Chicago…The Real Windy City

Skyline on the horizon

That beautiful sunny day the crossing I had been dreading took about 5 hours as the Chicago skyline materialized through the fog. Compared to previous mornings when conditions abruptly deteriorated, the calm waters stayed just that way for much of the trip. It wasn’t until we rounded Navy Pier that the traffic and swells picked up and we bounced up and down into Monroe Harbor in search of our mooring.
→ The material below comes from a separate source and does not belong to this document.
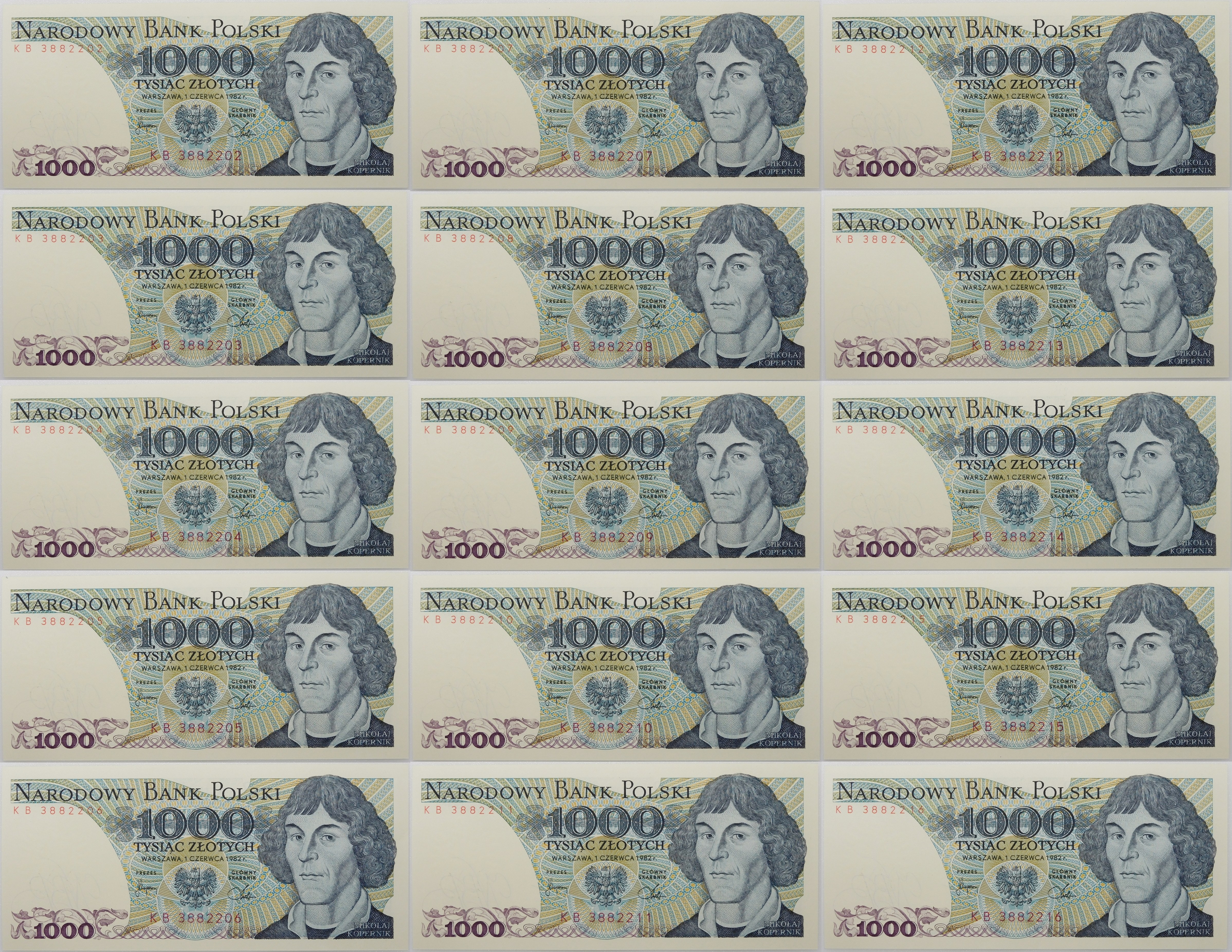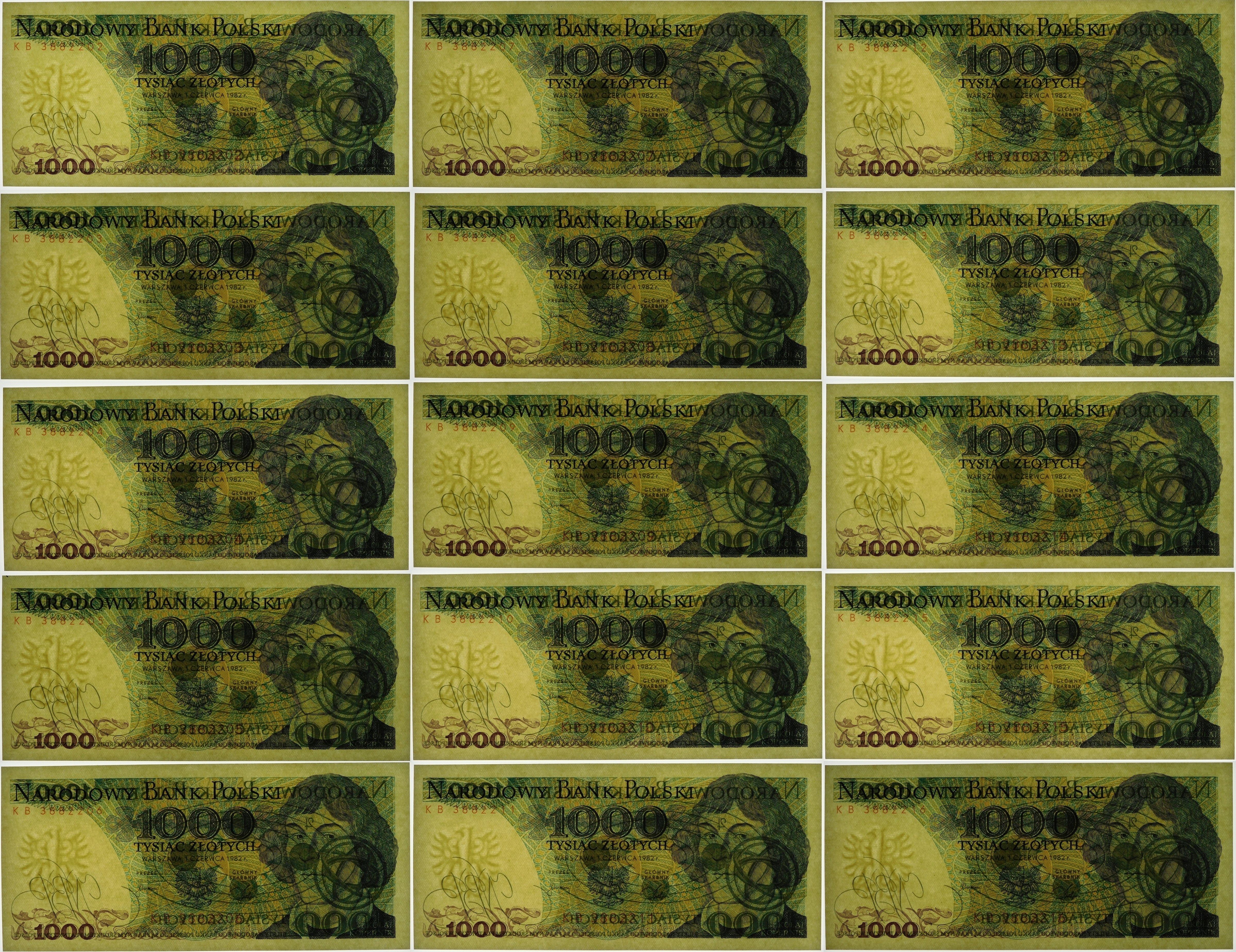 Zestaw piętnastu banknotów 1000 złotych 1982, 15 x ser. KB - banknoty z paczki bankowej o kolejnych numerach

Hooking up to a mooring ball is normally my favorite way to secure the boat. No fenders are required and I don’t have to worry about lassoing a cleat. And, the manual labor involved in anchoring is alleviated. These particular moorings, however; well they were going to require a tactical maneuver as they had no lines or pendants attached to pull aboard. Duane did his best to saddle up next to the can bouncing up and down in the water as I stretched as far as I could to latch the boat hook to the shackle and pull with all my might. For a brief moment I was torn between the idea of being pulled over the railing into the cold water or letting go of the hook all together as I was having a tug of war and the inanimate object was winning. Thankfully, before I had to choose between a bad option and a terrible one, the clip activated releasing the hook and I pulled the line up.

Navy Pier

Breathing a sigh of relief that we conquered Lake Michigan with minimal scars, we were now in a waiting game until the locks being renovated down the river were reopened.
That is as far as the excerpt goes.